Пришел урочный час, — и Гаруд с Марудом встретились у обреченного места. Зюгря стояла за кустами и ожидала развязки.
— Зачем ты пришел сюда? — спросил один. Оба стояли молча, поникнув очами, оба пробудились чуткою совестью, узрели неизбежную гибель свою и ждали кары, — не трогаясь с места. И с первым заревом, показавшимся в это время на востоке, предстал им Аллах превыспренний и рек:
— Я знаю, не вопрошая вас, о том, зачем вы пришли сюда, ты, Гаруд, и ты, Маруд. Высокомерие ваше наказано; вы упали. Эта заброшенная, презренная в сравнении с вами чиста и непорочна. Не будь таких, как вы, никогда бы не было таких, как она. Ваше место — тьма кромешная. Но вы согрешили на земле; на земле вам будет и мука.

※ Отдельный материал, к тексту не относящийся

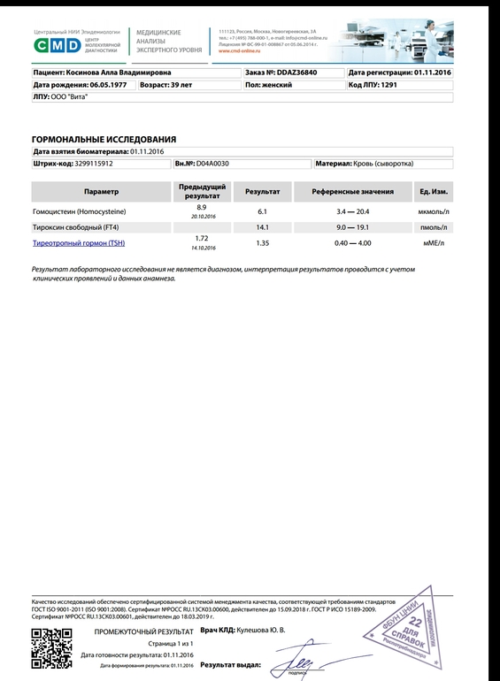 Ура!!!! Я наконец-то справилась со своим вредным гомоцистеином. За 10 дней упал до 6.1. Теперь я з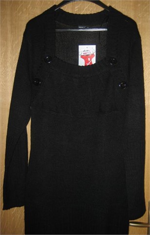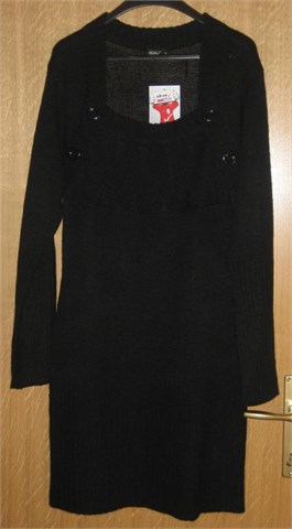 Prekrasna pletena haljina crne boje. Gornji dio djeluje kao bolero jer je vizualno ukrasnim gumbima "odvojen" od ostatka haljine. Dio iznad grudi sa naborima. Jako mekana i rastezljiva.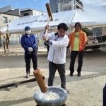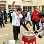 どんと焼きの途中、鳥飼校区と田島校区の新春のつどいに参加して、新年のご挨拶を行いました。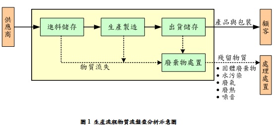 依據UN(2001)環境管理會計指導手冊之定義,物質流成本會計分析主要植基於產業物質流價值與成本(Values and costs of the material flows)之透明度,並可將相關之價值與成本區分為物質(Material)、系統(System)、以及傳遞與處置(Delivery and Disposal)等三大類。結合上述三類成本分析結果,彙整所得即為物質流成本會計分析。同時,依據UN(2001)環境管理會計指導手冊之建議,物質流成本會計分析流程可參考生命週期盤查分析(Life Cycle Inventory Analysis),分析流程圖示如圖1。亦即盤查物質投入與流失量(Material Losses),並結合各類投入產出盤查項目之成本資料,以進行類似生命週期成本(Life Cycle Costing)之評估分析。

И за словом указал перстом своим туда, где сверкает поныне блистательная возвестница зари утренней и вечерней, — и Зюгря превратилась в светлый луч, мелькнула и явилась на небе утренней звездочкой. Гаруд и Маруд пали пиц: они не могли смотреть на эту звезду. Гаруд же и Маруд, по повелепию Аллаха, закованы в горы Каф-каза в медных стенах; там живут они доныне под именем Доруджа и Маджуджа, Гога и Магога; днем лижут жадным языком медную твердь, чтобы освободиться из тяжкой неволи; но, пролизав ее в течение дня почти насквозь, падают ниц пред появившейся звездочкой которая стоит прямо против небольшого окошечка, оставленного Искендором, Александром Македонским, в темнице Гога и Магога; падают ниц и лежат замертво в течение ночи, поколе восходящее солнце не изгонит ненавистной звездочки с тверди небесной — и спова принимаются за работу: но, увы! уже медная стена снова заросла во всю толщину свою, и снова появляется звезда, не дав страдальцам кончить работы. Тар живут они уже много веков и проживут, доколе солнце не взойдет от запада, толща земли не дрогнет на оси своей, не разрушит в прах хребет Каф-каза и громогласная труба не возвестит день судный.

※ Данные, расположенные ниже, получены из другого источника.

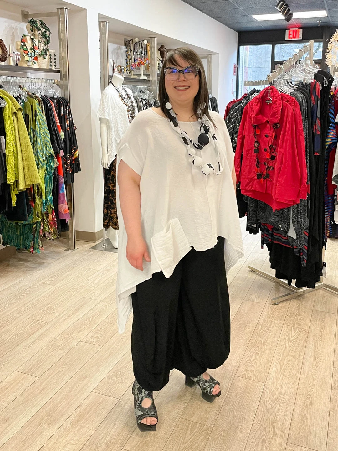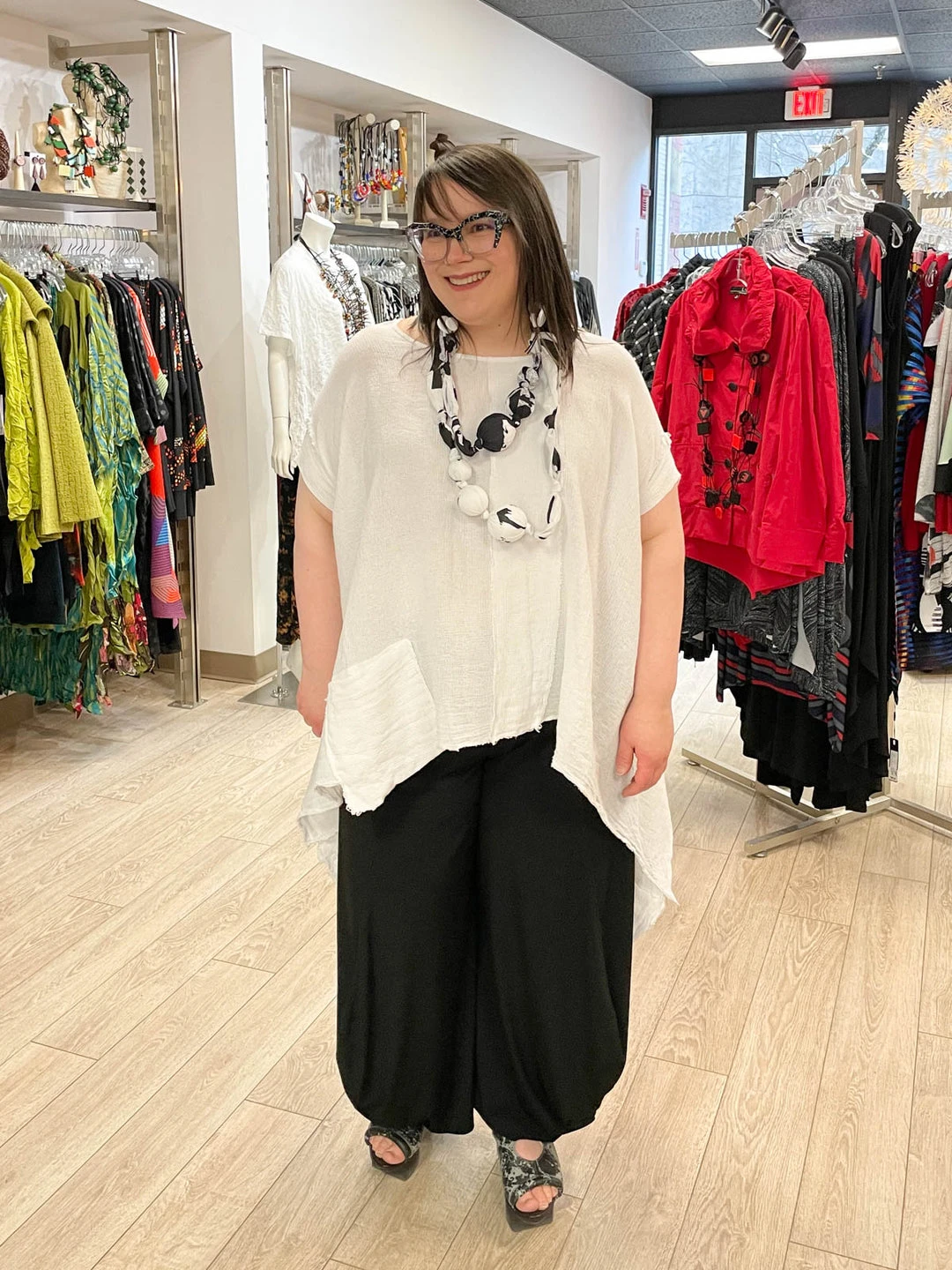 The Asya Tunic is the perfect summer top in open weave gauze. With an oversized body, this top features an offset vertical panel at front, a pocket at side and a curved high low hemline with side vents. The generous silhouette has true-to-size short sleeve openings and it’s unfinished seams add a sophisticated edge.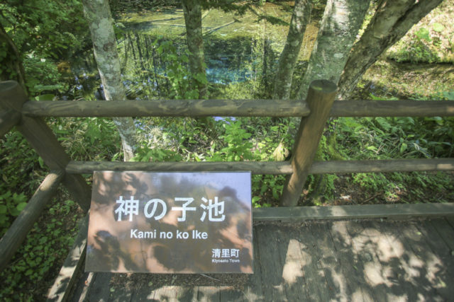 歩き始めるとすぐに神の子池から流れ出ている川が見えてきます。川を渡るとその先に神の子池が見えてきます。

По другому преданию, Гаруд и Маруд повешены за ребро в глубоком колодце древнего Вавилона, лицом на воду; ненавистная звездочка, совершая указанный путь свой по небу, отражается в чистых водах кладца, а Гаруд и Маруд, избегая видеть ее, обращаются беспрестанно, пронятые железным крюком, во все стороны и проводят дни свои и ночи в нескончаемой муке».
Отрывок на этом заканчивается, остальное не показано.